A heatmap is a graphical representation of data in a matrix format, where values in a matrix are represented as colors. It is a way to visualize and analyze the relationships and patterns in a dataset. Heatmaps are particularly useful for displaying two-dimensional data, making them popular in various fields, including statistics, data analysis, and machine learning.
In a typical heatmap:
- Each row and column of the matrix represents a variable or category.
- The cells of the matrix contain values, and these values are color-coded based on their magnitudes.
- Colors are used to represent the intensity of the values, with different colors indicating different levels of magnitude.
Heatmaps are often employed to visualize correlation matrices, confusion matrices, or any other matrix-based data where patterns and relationships need to be highlighted. The color gradient allows for quick identification of high or low values and patterns within the data.
In Python, the seaborn library is commonly used for creating heatmaps. Here’s a simple example using seaborn:
import seaborn as sns
import numpy as np
# Example data
data = np.random.rand(5, 5)
# Create a heatmap using seaborn
sns.heatmap(data, annot=True, cmap="viridis")
# Display the heatmap
plt.show()
Result-
In this example, data
is a 5×5 matrix of random values, and sns.heatmap
is used to create a heatmap. The annot=True
parameter adds numerical annotations to the cells, and cmap
specifies the color map (in this case, “viridis”).

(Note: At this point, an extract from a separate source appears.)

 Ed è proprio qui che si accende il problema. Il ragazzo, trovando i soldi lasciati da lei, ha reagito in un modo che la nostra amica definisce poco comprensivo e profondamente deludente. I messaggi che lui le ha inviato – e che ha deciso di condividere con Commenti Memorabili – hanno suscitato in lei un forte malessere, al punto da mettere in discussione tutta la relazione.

Confusion Matrices with Heatmaps
Creating a confusion matrix with a heatmap involves using a combination of libraries such as scikit-learn for generating the confusion matrix and seaborn for visualizing it. Let’s see an example here –
import numpy as np
import seaborn as sns
import matplotlib.pyplot as plt
from sklearn.metrics import confusion_matrix
# Example confusion matrix
actual_labels = [1, 0, 1, 2, 0, 1, 2, 0, 2]
predicted_labels = [1, 0, 1, 2, 0, 1, 0, 0, 2]

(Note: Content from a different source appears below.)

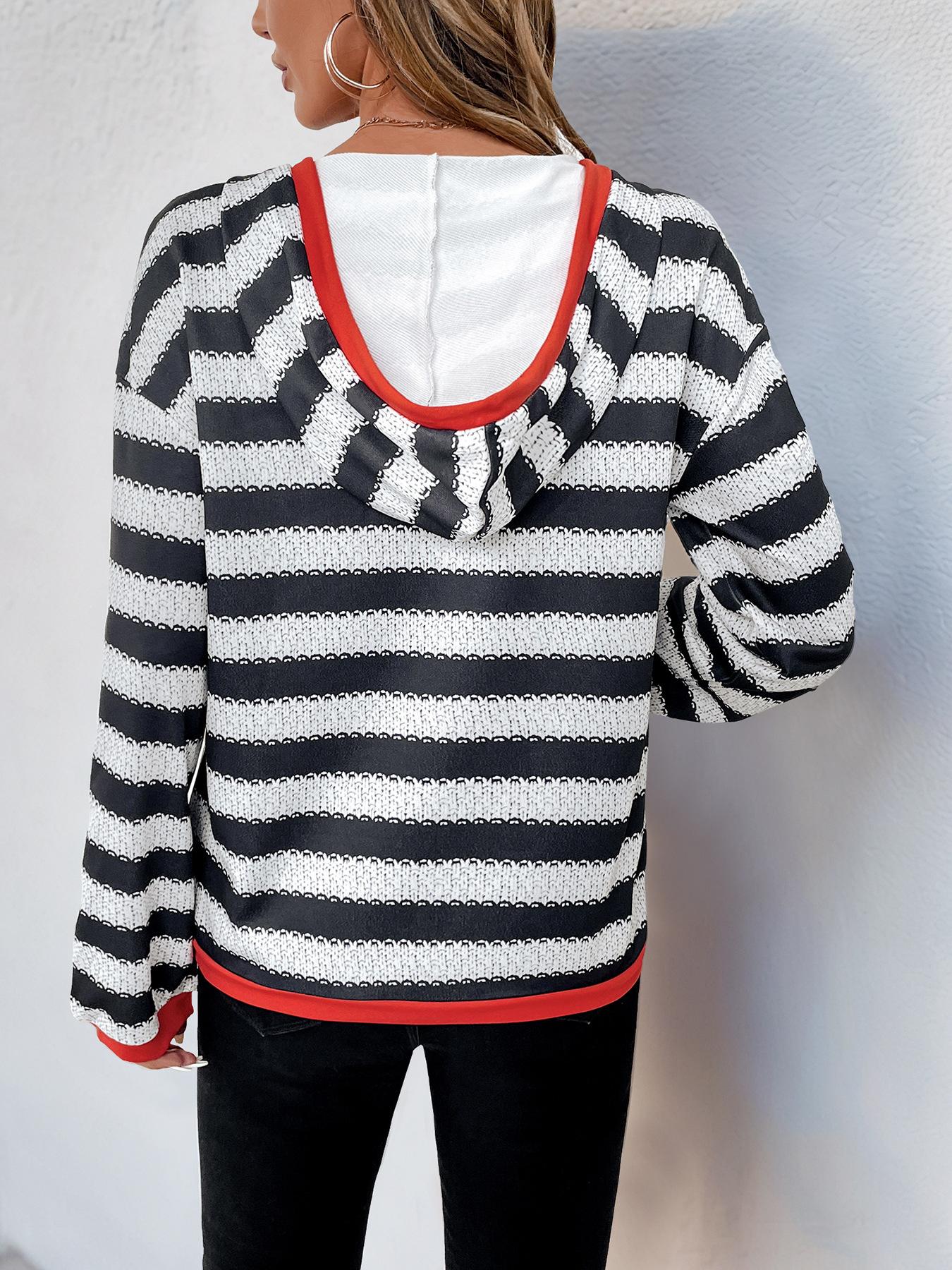 Amazon Estación Independiente 2025 Nuevo Ocio Europeo y Americano Primavera y Otoño Sudadera Delgada con Capucha Rayada Estampada Transfronteriza para Mujer

cm = confusion_matrix(actual_labels, predicted_labels)
# Create a heatmap using Seaborn
sns.set(font_scale=2) # Adjust font size for better readability
plt.figure(figsize=(8, 6))
sns.heatmap(cm, annot=True, fmt="d", cmap="Blues", linewidths=.5, square=True, cbar_kws={"shrink": 0.75}, xticklabels=[0, 1, 2], yticklabels=[0, 1, 2])

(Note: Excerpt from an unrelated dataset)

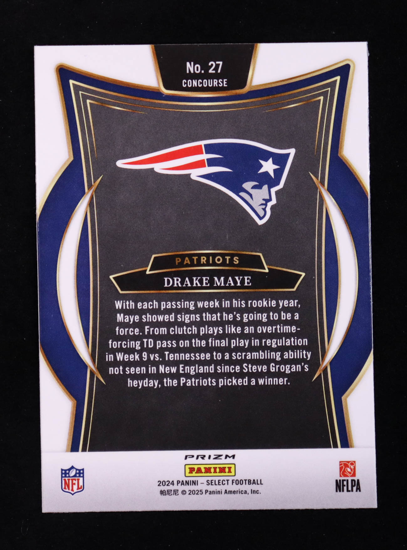 Drake Maye 2024 Select Prizm Black and Red Shock #27 RC

plt.xlabel('Predicted Labels')
plt.ylabel('True Labels')
plt.title('Confusion Matrix')
plt.show()
Here, we have imported some necessary libraries:
numpy
for numerical operations.seaborn
for creating visualizations, particularly the heatmap.matplotlib.pyplot
for additional plotting functionalities.confusion_matrix
from scikit-learn to compute the confusion matrix.
Line number 7-9 creates an example confusion matrix using the confusion_matrix
function from scikit-learn. It takes two lists (actual_labels
and predicted_labels
) as inputs and computes the confusion matrix.
The later code uses seaborn to create a heatmap of the confusion matrix. It sets the font size for better readability, specifies the figure size, and then creates the heatmap using the sns.heatmap
function. Various parameters are used to customize the appearance of the heatmap, such as annotations, the color map (“Blues”), linewidths, square cells, and labels for the x-axis and y-axis. Finally, the plot is displayed using plt.show()
. The resulting heatmap visually represents the confusion matrix, making it easier to interpret the performance of a classification model.
Final result-
Here, we observe a 3×3 matrix represented in color-coded form. As seen in the 0,0 position, the value is 3, indicating that the predicted labels match the actual labels three times, and so on.